Association for Cultural Diversity in Chemistry

Spring 2017 Event

Bertrand García-Moreno

Dr. García-Moreno was raised in Mexico City. Early interests in music were eclipsed by curiosity about the chemistry and physics of living systems. A youth well spent outdoors hiking and exploring the Mexican countryside further stimulated his interests in the biological world. To avoid medical school, which was then the only available pathway into biochemistry and other molecular biological sciences, but perhaps also in search of adventure and drawn by the prospect of a liberal arts education in a beautiful setting, he moved to Maine to attend Bowdoin College. In college he majored in Chemistry/Biochemistry and was able to continue to pursue his interests in music and in the outdoors. He did graduate work with Frank Gurd, one of several protein physical chemists assembled in the Department of Chemistry in Indiana University in Bloomington. A world-class music conservatory a few yards from the Department was a second home for him during his time in graduate school. His doctoral research focused on structure-based energy calculations in proteins. He completed postdoctoral training in biological thermodynamics with Gary Ackers in the Department of Biology at Johns Hopkins University and later in the Department of Biochemistry & Molecular Biophysics at Washington University School of Medicine. He returned to Hopkins in 1992 to join the faculty of the Department of Biophysics. He has chaired the Department and acted as Editor-in- Chief of the journal PROTEINS for the last decade.

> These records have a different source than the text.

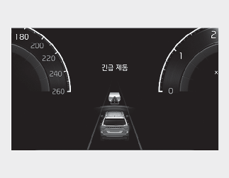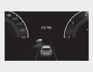 긴급 제동에 의한 정차 시 클러스터 등에 경고문이 표시됩니다. 안전을 위해 즉시 브레이크 페달을 밟고, 주변 상황을 확인하십시오.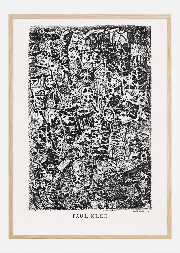 Šis plakāts attēlo Paula Klē "Mazo pasauli" no 1914. gada un ir ievērojams piemērs mākslinieka agrīnajai grafisko rakstu un simbolu izpētei. Šo drukātu materiālu raksturo tā detaļu bagāts un sarežģīts līniju spēks, kas savijas, lai radītu dziļu un sarežģītu attēlu pasauli. Tā ir ideāla afiša tiem, kas vēlas ieviest sava mājokļa vai darba vietas vidē mākslas vēstures nozīmīgumu un intelektuālu stimulāciju.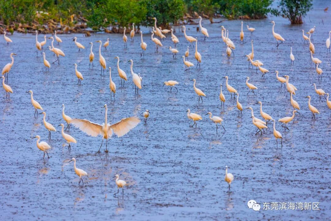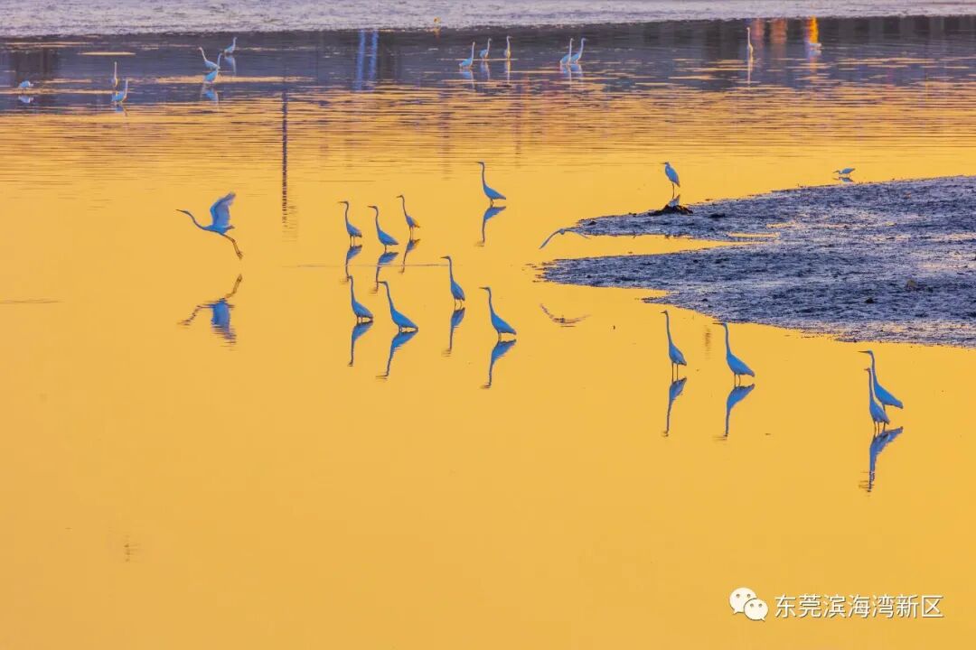 除了红嘴鸥,白鹭也是滨海湾的“老朋友”,秋冬时节,大、中、小白鹭都会陆陆续续结伴迁徙至此。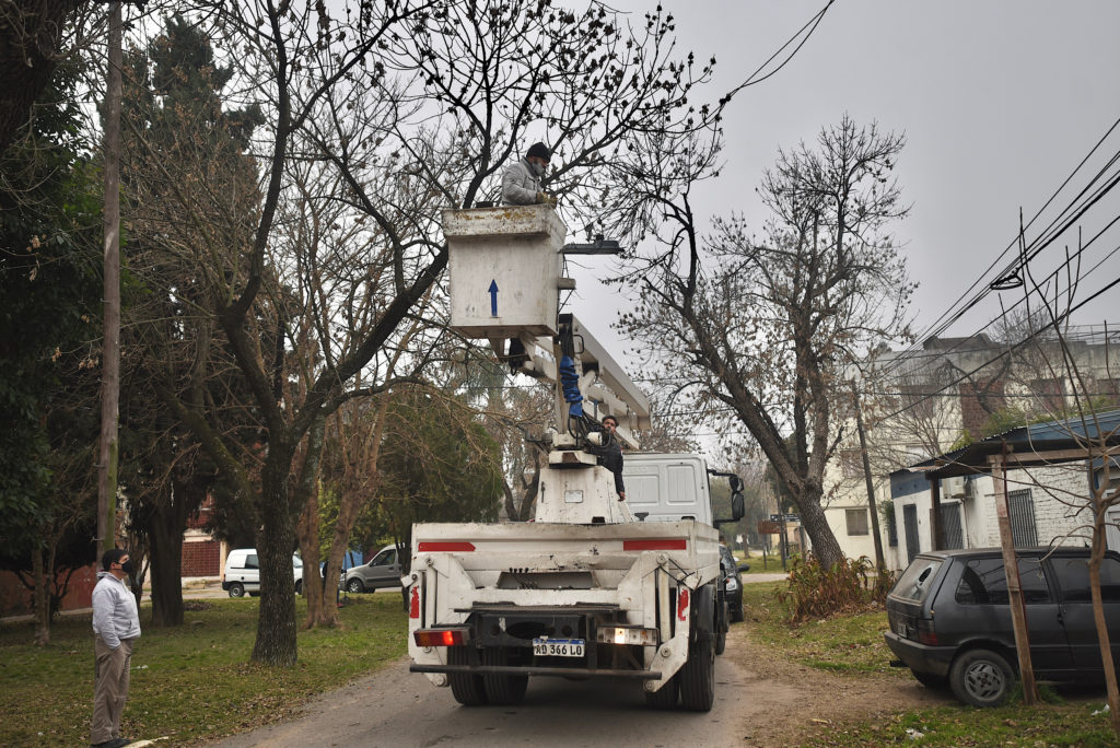 Las tareas incluyen, además de la colocación de nuevos reflectores, trabajos de poda y despeje sobre la vegetación existente para que haya mejor apertura lumínica en cada bloque de viviendas.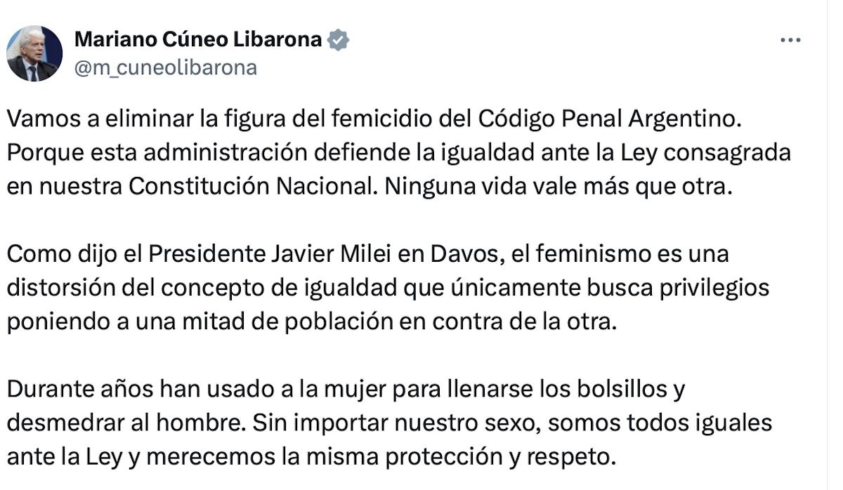 El ministro de Justicia, Mariano Cúneo Libarona, confirmó este viernes la intención del gobierno de Javier Milei de eliminar la figura de femicidio del Código Penal Argentino. Según el funcionario, la decisión responde a una visión que busca garantizar la igualdad ante la ley, alineada con lo consagrado en la Constitución Nacional. Esta postura también incluyó críticas al feminismo, al que Cúneo Libarona calificó como “una distorsión del concepto de igualdad”.

Proteins as pH Sensors and Switches

Tight regulation of pH and other ionic components of the cellular milieu is the trait that is common to all living systems. Dysregulation of pH homeostasis, in turn, is the hallmark of cancer and other diseases. We are studying the roles of proteins as biological pH sensors and switches. In this lecture I will focus on our efforts to engineer protein pH sensors. Specifically, I will describe our studies of ionizable groups buried in dry or hydrophobic environments in proteins. These buried ionizable groups can have highly anomalous properties that are essential for all forms of biological energy transduction, and which can also be harnessed to engineer pH sensors and pH-driven switches. I will describe structural and energetic consequences of burial and ionization of groups buried in hydrophobic environments in proteins, consequences on the conformational landscapes, challenges to theory and simulations, and implications for the evolution and engineering of novel enzymes, pH sensors, and pH-driven switches.